- Task brief
Exact copies of the lines below, from the one with "マスクにデザインされた、ノー" up to and including the one with "Celebrate the season", are what this calls for; leave out pictures.

- Records for the exercise
§ §
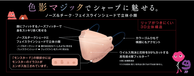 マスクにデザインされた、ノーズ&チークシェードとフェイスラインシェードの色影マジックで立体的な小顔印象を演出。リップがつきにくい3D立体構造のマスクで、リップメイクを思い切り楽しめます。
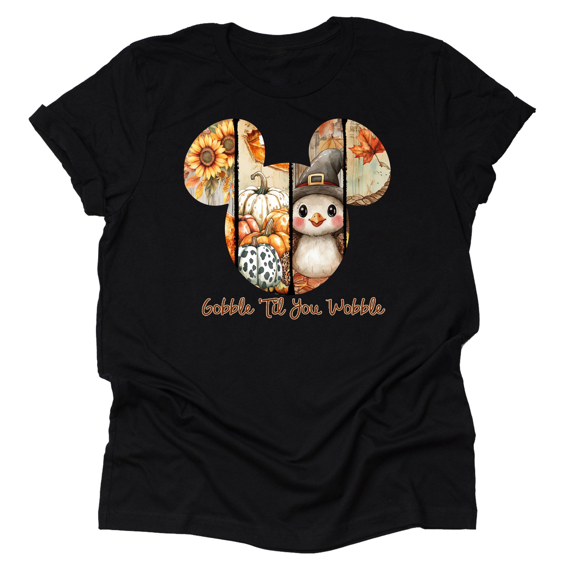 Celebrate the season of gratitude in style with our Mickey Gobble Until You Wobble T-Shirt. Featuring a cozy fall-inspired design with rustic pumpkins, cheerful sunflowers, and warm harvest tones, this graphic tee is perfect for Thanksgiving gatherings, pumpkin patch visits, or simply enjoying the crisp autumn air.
§ §
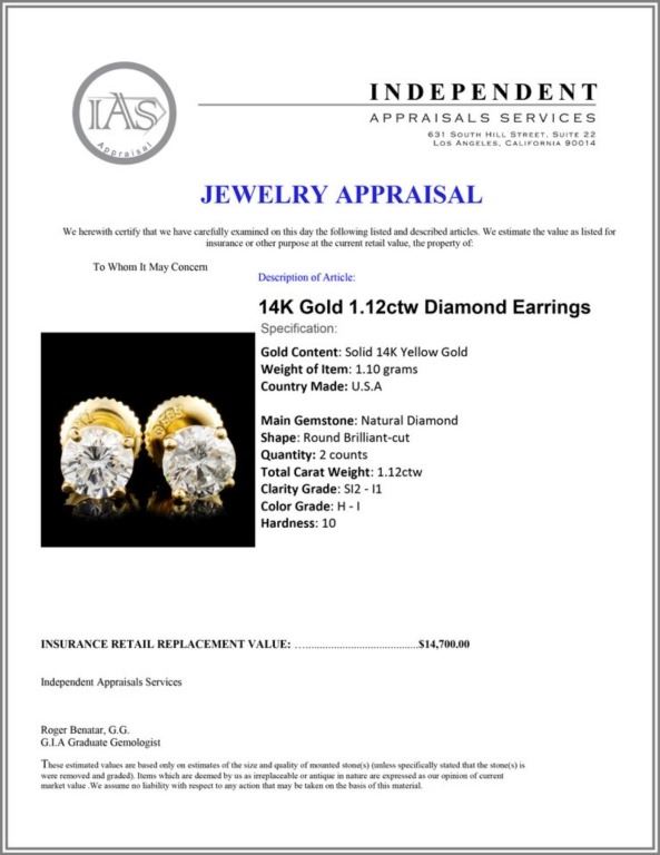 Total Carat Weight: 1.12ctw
§ §
- Answer space
 マスクにデザインされた、ノーズ&チークシェードとフェイスラインシェードの色影マジックで立体的な小顔印象を演出。リップがつきにくい3D立体構造のマスクで、リップメイクを思い切り楽しめます。
 Celebrate the season of gratitude in style with our Mickey Gobble Until You Wobble T-Shirt. Featuring a cozy fall-inspired design with rustic pumpkins, cheerful sunflowers, and warm harvest tones, this graphic tee is perfect for Thanksgiving gatherings, pumpkin patch visits, or simply enjoying the crisp autumn air.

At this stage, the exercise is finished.